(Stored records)
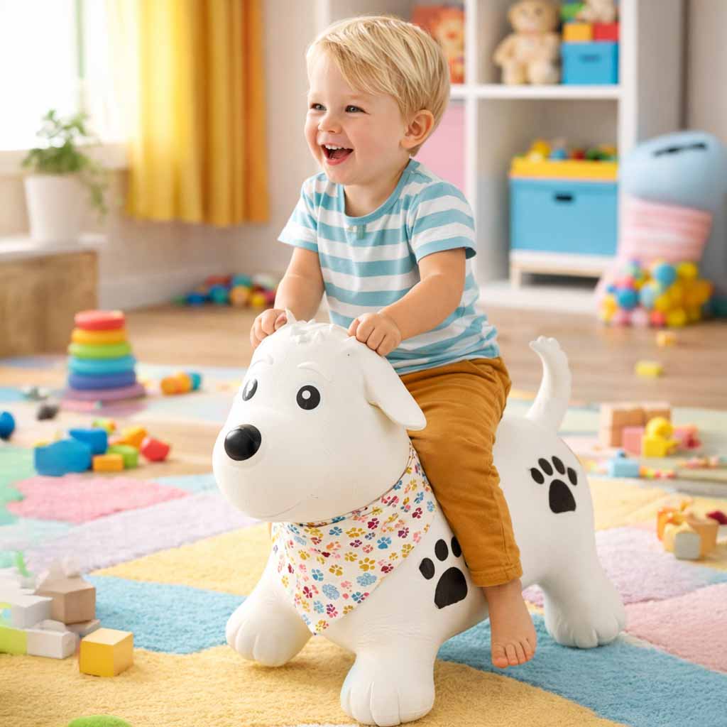 Täispuhutav hüppeloom pakub lapsele rõõmsat ja aktiivset liikumist nii toas kui ka õues. Koerakujuline hüppemänguasi aitab ühendada mängu ja kehalise tegevuse, toetades samal ajal tasakaalu, koordinatsiooni ja üldmotoorika arengut. Tänu elastsele materjalile ja läbimõeldud kujule saab laps mänguasjast mugavalt kinni hoida ning turvalisemalt hüpata ja liikuda.
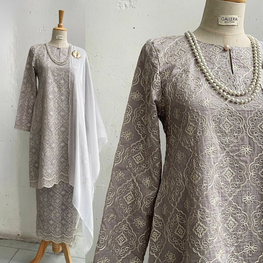 ALIZA Baju Kurung Riau Plussize Cotton Embroidery Tencel Galleria Kesuma
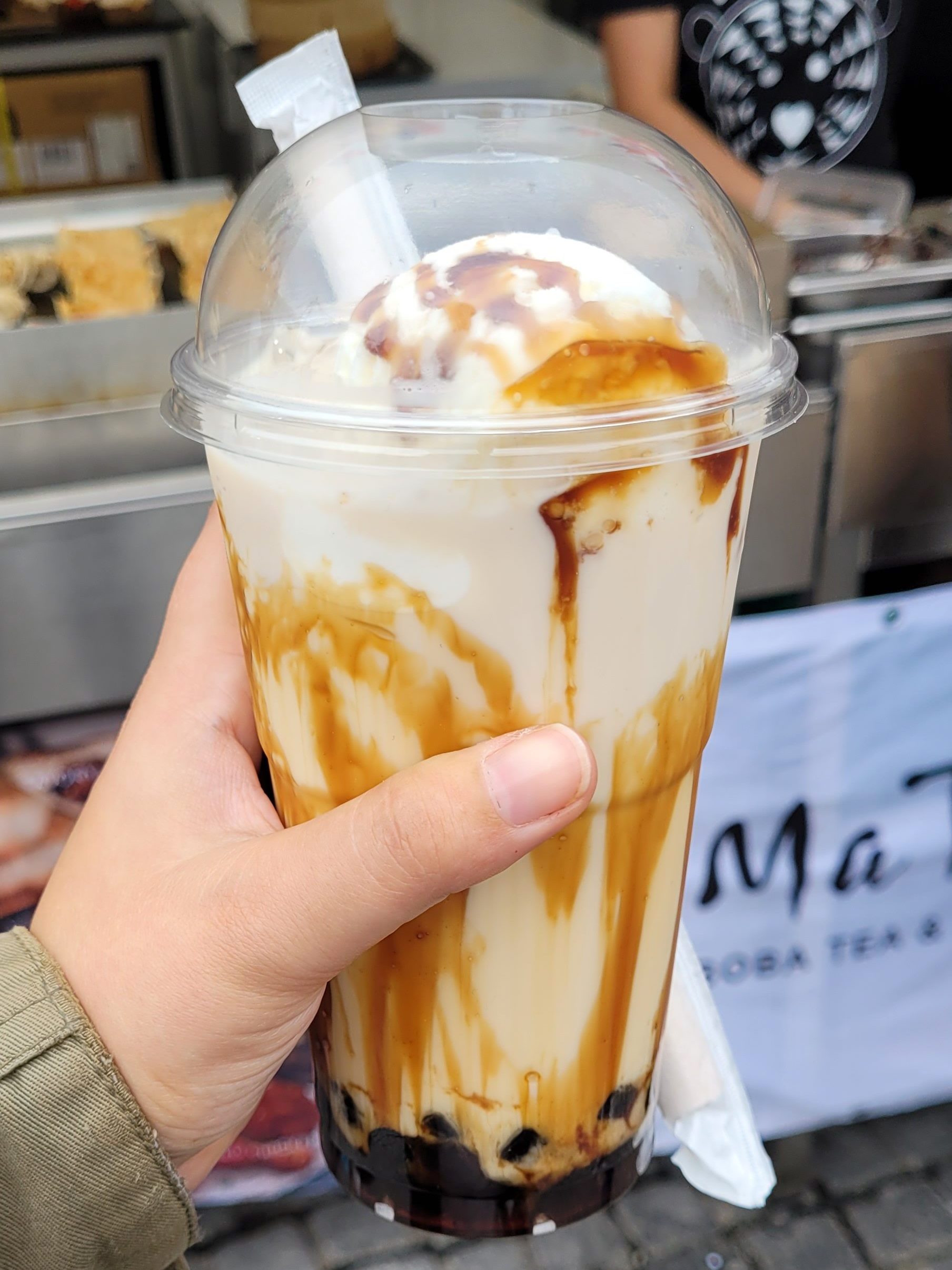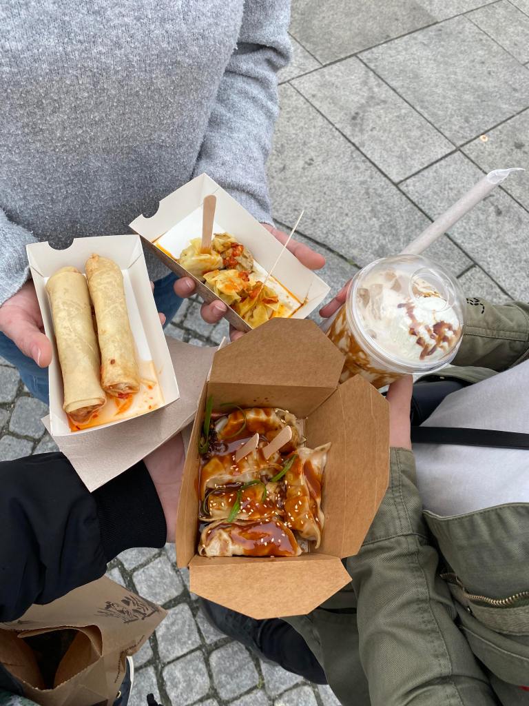 Først gikk vi en runde for og se på hva alternativene var. Når vi hadde bestemt oss for hva vi ville spise så gikk vi og kjøpte det. Regelen ble kjapt at vi delte på det vi kjøpte. Jeg ønsket og prøve Boba tea. Søstrene mine ønsket seg våruller og dumplings.
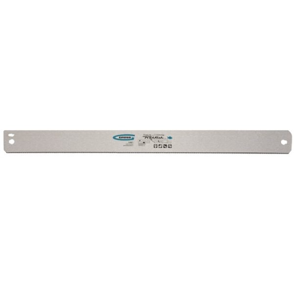 Пильное полотно Gross «PIRANHA» 22867 длиной 600 мм, с каленым зубом с 2D-заточкой, 14 TPI — режущий элемент для прецизионного стусла, применяемый для распила под углом заготовок из дерева, мягкого металла и пластика. Мелкие зубья с шагом 14 TPI позволяют получить точный и чистый рез. Полотно используется для пиления плинтусов, реек, дверных наличников и других деталей.
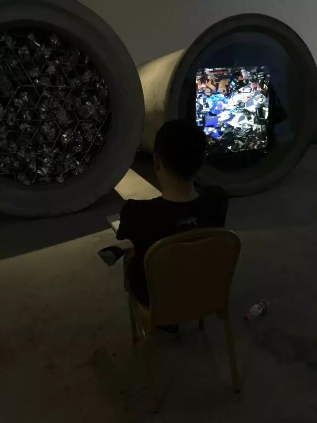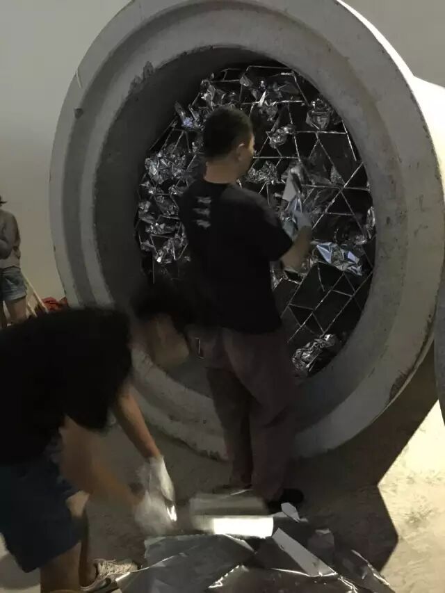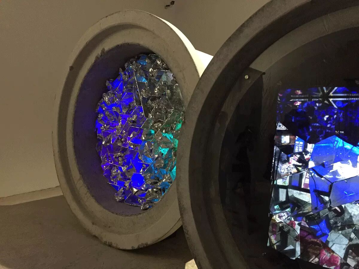 ▲ 《无题》多路视频、水泥管、双面镜 直径200cm×100cm(局部)
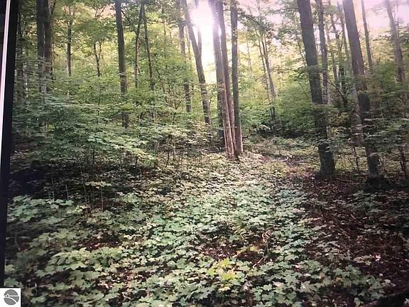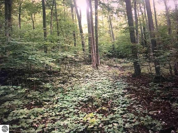 This wooded property is tucked away for privacy but less than 5 minutes to the Village of Lake Ann and 11 miles to Traverse City. The owners used the property for hunting there is a small storage shed. The building is on a poured concrete slab adjacent to this building is a wooden platform that they would pull their camper up to and use as a deck. Property has a two track that runs through it but hasn't been maintained in 9 years. County signs say seasonal road but county does plow through the whole road in the winter.
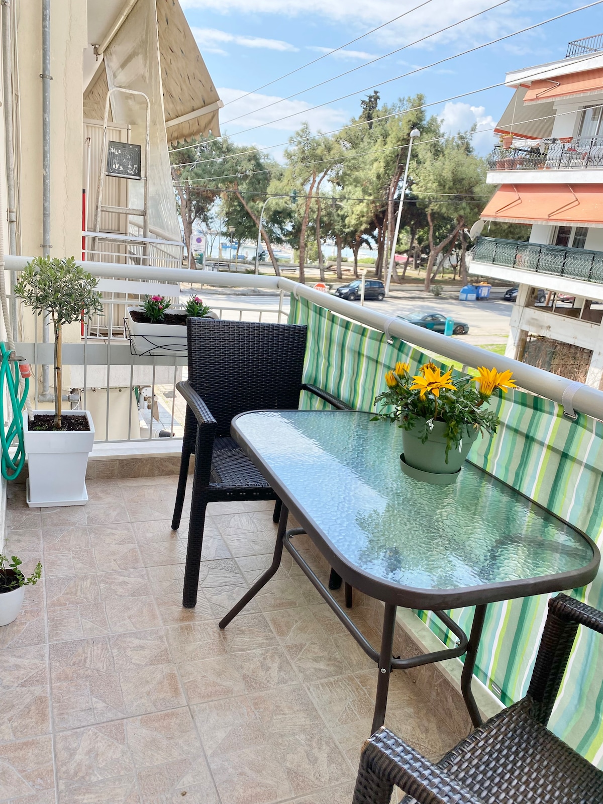 A fully equipped apartment on the 3rd floor , personally decorated with an artistic,unique style. Beautiful view of the sea ! -The flat is 8 km away from the city center, 8 km away from Thessaloniki airport and 50 meters away from the sea side. - 1 bedroom with a full sized bed and a relaxing premium mattress - 1 sofa bed in the living room -We provide you with all the essentials to ensure a pleasant stay such as washing machine, big closet,high quality speakers etc. -Pets are welcomed as well
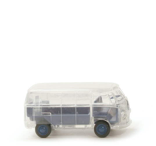 Karosserie oben | klar transparent | hier Bedruckung vorne | VW-Emblem dunkles blau | Karosserie unten | klar transparent | hier Scheinwerfer | silbern eingesetzt | hier Bedruckung Blinker vorne | ohne | hier Rückleuchten | rot bedruckt | Verglasung | getönt | Inneneinrichtung | dunkles signalblau | Stoßstange vorne | klar transparent, eingesteckt | Chassis Farbe | klar transparent | Bodenprägung | neues WIKING-Logo | Räder Typ | 8 mm, Nabe gewölbt | Räder Farbe | ca. dunkles signalblau |
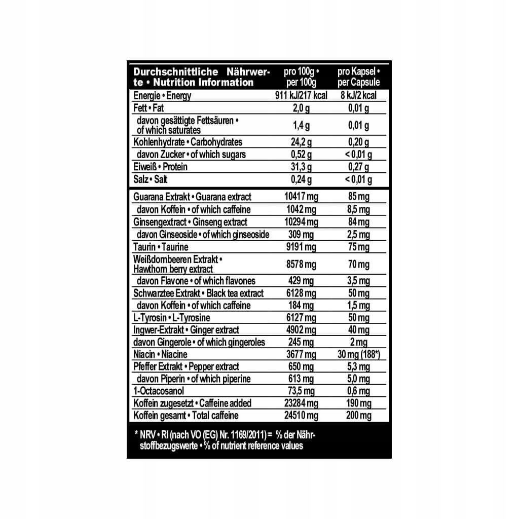 очень сильная предварительная подготовка. Это обеспечивает идеальное внимание во время обучения. подготовка поддерживает эффективность и эффективность обучения, предотвращает катаболическую фазу и ускоряет регенерацию мышц после физического нагрузки. Экстракт гуарана более эффективно и дольше, чем кофе, повышает бдительность, концентрации, способность логически мыслить и помнить.
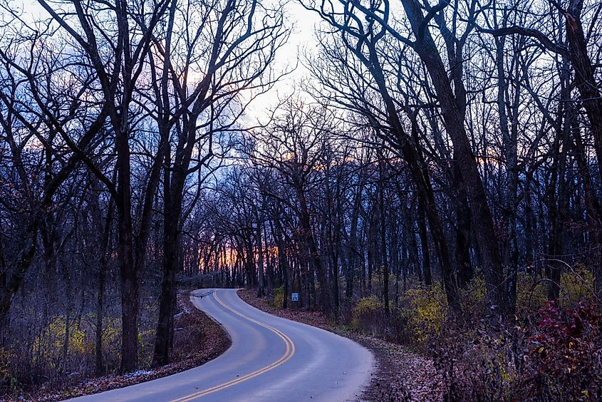 Um pôr do sol sereno sobre uma estrada sinuosa que atravessa o Parque Estadual New Glarus Woods, em Wisconsin.
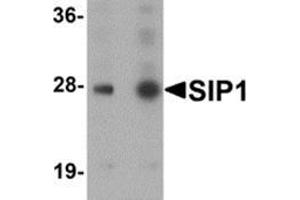SIP1 is one of the proteins found in the SMN complex, which consists of the survival of motor neuron (SMN) protein and several gemin proteins. The SMN complex is localized to a subnuclear compartment called gems (gemini of coiled bodies) and is required for assembly of spliceosomal snRNPs and for pre-mRNA splicing. SIP1 interacts directly with the SMN and it is required for formation of the SMN complex. A knockout mouse targeting the mouse homolog of this gene exhibited disrupted snRNP assembly and motor neuron degeneration. However, knockdown of the SIP1 mRNA in motor neurons showed normal motor axons while that of SMN mRNA did show abnormal motor axon outgrowth, indicating that SIP1 may have additional roles outside of the SMN complex.Synonyms: Component of gems 2, GEMIN-2, SMN-interacting protein 1, Survival of motor neuron protein-interacting protein 1
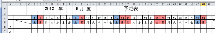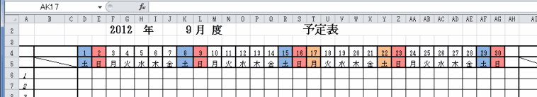 - 土曜日の判定:=WEEKDAY(DATE($F$2,$K$2,D$4))=7

Exercise details
Leave the pictures out and print every record exactly.

Finished exercise
 Täispuhutav hüppeloom pakub lapsele rõõmsat ja aktiivset liikumist nii toas kui ka õues. Koerakujuline hüppemänguasi aitab ühendada mängu ja kehalise tegevuse, toetades samal ajal tasakaalu, koordinatsiooni ja üldmotoorika arengut. Tänu elastsele materjalile ja läbimõeldud kujule saab laps mänguasjast mugavalt kinni hoida ning turvalisemalt hüpata ja liikuda.
 ALIZA Baju Kurung Riau Plussize Cotton Embroidery Tencel Galleria Kesuma
 Først gikk vi en runde for og se på hva alternativene var. Når vi hadde bestemt oss for hva vi ville spise så gikk vi og kjøpte det. Regelen ble kjapt at vi delte på det vi kjøpte. Jeg ønsket og prøve Boba tea. Søstrene mine ønsket seg våruller og dumplings.
 Пильное полотно Gross «PIRANHA» 22867 длиной 600 мм, с каленым зубом с 2D-заточкой, 14 TPI — режущий элемент для прецизионного стусла, применяемый для распила под углом заготовок из дерева, мягкого металла и пластика. Мелкие зубья с шагом 14 TPI позволяют получить точный и чистый рез. Полотно используется для пиления плинтусов, реек, дверных наличников и других деталей.
 ▲ 《无题》多路视频、水泥管、双面镜 直径200cm×100cm(局部)
 This wooded property is tucked away for privacy but less than 5 minutes to the Village of Lake Ann and 11 miles to Traverse City. The owners used the property for hunting there is a small storage shed. The building is on a poured concrete slab adjacent to this building is a wooden platform that they would pull their camper up to and use as a deck. Property has a two track that runs through it but hasn't been maintained in 9 years. County signs say seasonal road but county does plow through the whole road in the winter.
 A fully equipped apartment on the 3rd floor , personally decorated with an artistic,unique style. Beautiful view of the sea ! -The flat is 8 km away from the city center, 8 km away from Thessaloniki airport and 50 meters away from the sea side. - 1 bedroom with a full sized bed and a relaxing premium mattress - 1 sofa bed in the living room -We provide you with all the essentials to ensure a pleasant stay such as washing machine, big closet,high quality speakers etc. -Pets are welcomed as well
 Karosserie oben | klar transparent | hier Bedruckung vorne | VW-Emblem dunkles blau | Karosserie unten | klar transparent | hier Scheinwerfer | silbern eingesetzt | hier Bedruckung Blinker vorne | ohne | hier Rückleuchten | rot bedruckt | Verglasung | getönt | Inneneinrichtung | dunkles signalblau | Stoßstange vorne | klar transparent, eingesteckt | Chassis Farbe | klar transparent | Bodenprägung | neues WIKING-Logo | Räder Typ | 8 mm, Nabe gewölbt | Räder Farbe | ca. dunkles signalblau |
 очень сильная предварительная подготовка. Это обеспечивает идеальное внимание во время обучения. подготовка поддерживает эффективность и эффективность обучения, предотвращает катаболическую фазу и ускоряет регенерацию мышц после физического нагрузки. Экстракт гуарана более эффективно и дольше, чем кофе, повышает бдительность, концентрации, способность логически мыслить и помнить.
 Um pôr do sol sereno sobre uma estrada sinuosa que atravessa o Parque Estadual New Glarus Woods, em Wisconsin.
SIP1 is one of the proteins found in the SMN complex, which consists of the survival of motor neuron (SMN) protein and several gemin proteins. The SMN complex is localized to a subnuclear compartment called gems (gemini of coiled bodies) and is required for assembly of spliceosomal snRNPs and for pre-mRNA splicing. SIP1 interacts directly with the SMN and it is required for formation of the SMN complex. A knockout mouse targeting the mouse homolog of this gene exhibited disrupted snRNP assembly and motor neuron degeneration. However, knockdown of the SIP1 mRNA in motor neurons showed normal motor axons while that of SMN mRNA did show abnormal motor axon outgrowth, indicating that SIP1 may have additional roles outside of the SMN complex.Synonyms: Component of gems 2, GEMIN-2, SMN-interacting protein 1, Survival of motor neuron protein-interacting protein 1
 - 土曜日の判定:=WEEKDAY(DATE($F$2,$K$2,D$4))=7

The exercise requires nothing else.